### Activity
Return the records from the first line through the line containing "Car interior view", and leave out the pictures.

::: Exercise data :::

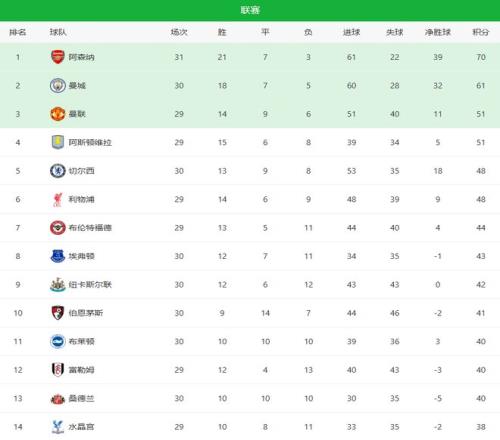 最终阿森纳2-0取胜,迎来联赛4连胜。在多赛1场的情况下,他们将领先优势扩大到9分,看来枪手久违的英超冠军要来啦!
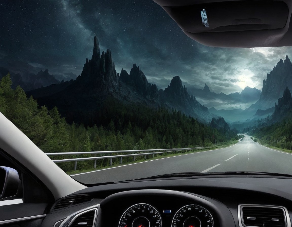 Car interior view driving towards green-covered spires under starry sky at sunset or sunrise
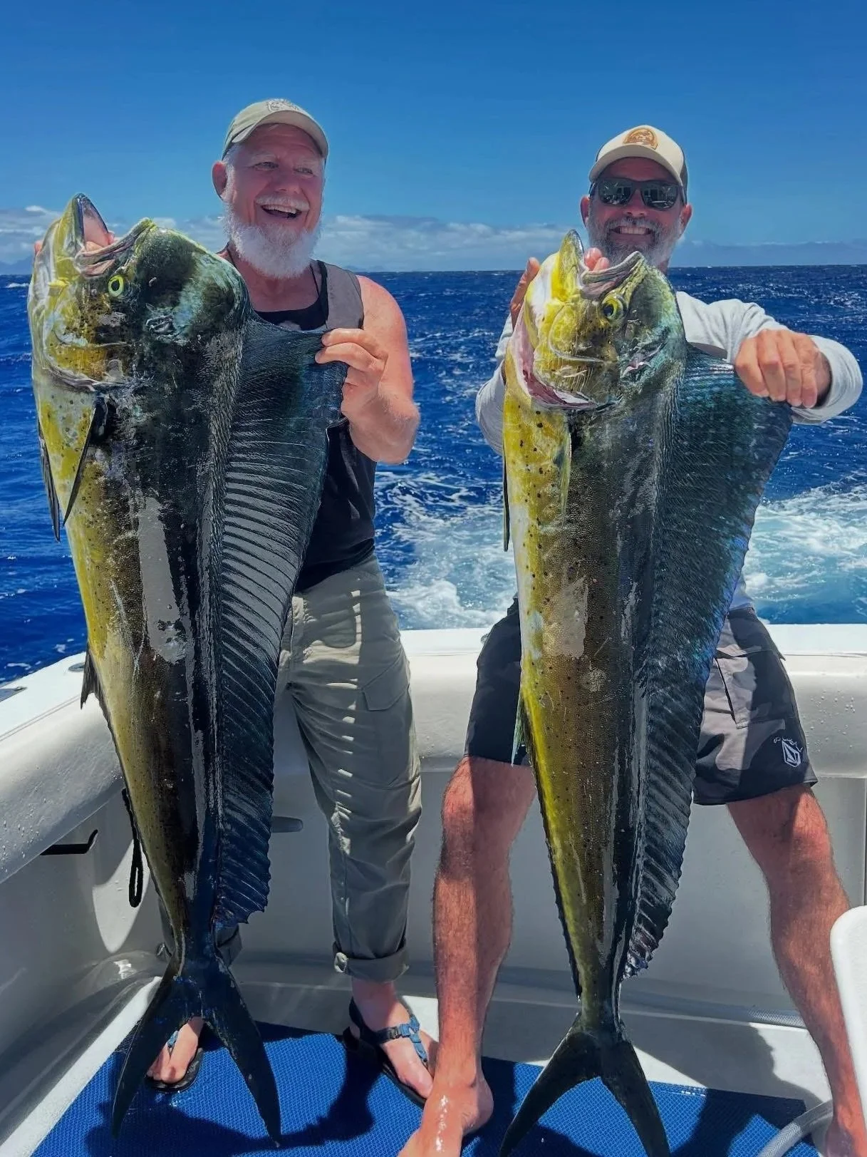 As expected April was a great month for Mahi Mahi! Spring is usually our best time to catch Mahi’s and they did not disappoint. Boats reported multiple catches, one got 20 of them. Sizes ranged from 15lb to 30lbs. Some nice Striped Marlin where also caught in the 60lb range. Striped Marlin are also usually around during the spring months. Going into May we should continue to see Mahi Mahi as well as the Ono bite which tends to pick up in May. On Kauai Tom has been catching good sized large mouth bass with some around 5lbs. Peacock bass have not been biting yet, they generally bite more in the warmer summer months.
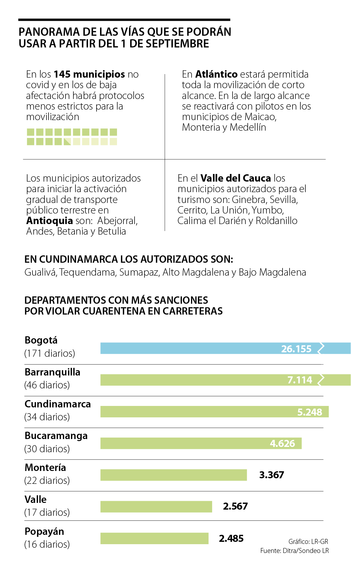 Por otro lado, en el Atlántico los viajes serán un poco más laxos, pues ya se confirmó que, en el corto alcance, es decir, intermunicipalmente, se podrán hacer viajes solo teniendo en cuenta los elementos de protección que se deben portar, pero con la oportunidad de entrar en cualquiera de los municipios del departamento, manteniendo el aforo que los alcaldes permitan.
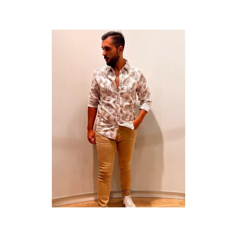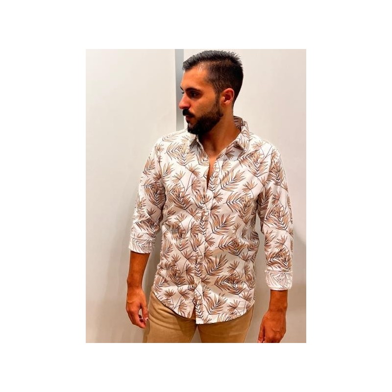 Camisa vestir estampada. - Confeccionada en 100% algodón - Corte Slim fit - Cierre con botones - Cuello cutaway - Manga larga de puño con botones

:::

### Answer space
 最终阿森纳2-0取胜,迎来联赛4连胜。在多赛1场的情况下,他们将领先优势扩大到9分,看来枪手久违的英超冠军要来啦!
 Car interior view driving towards green-covered spires under starry sky at sunset or sunrise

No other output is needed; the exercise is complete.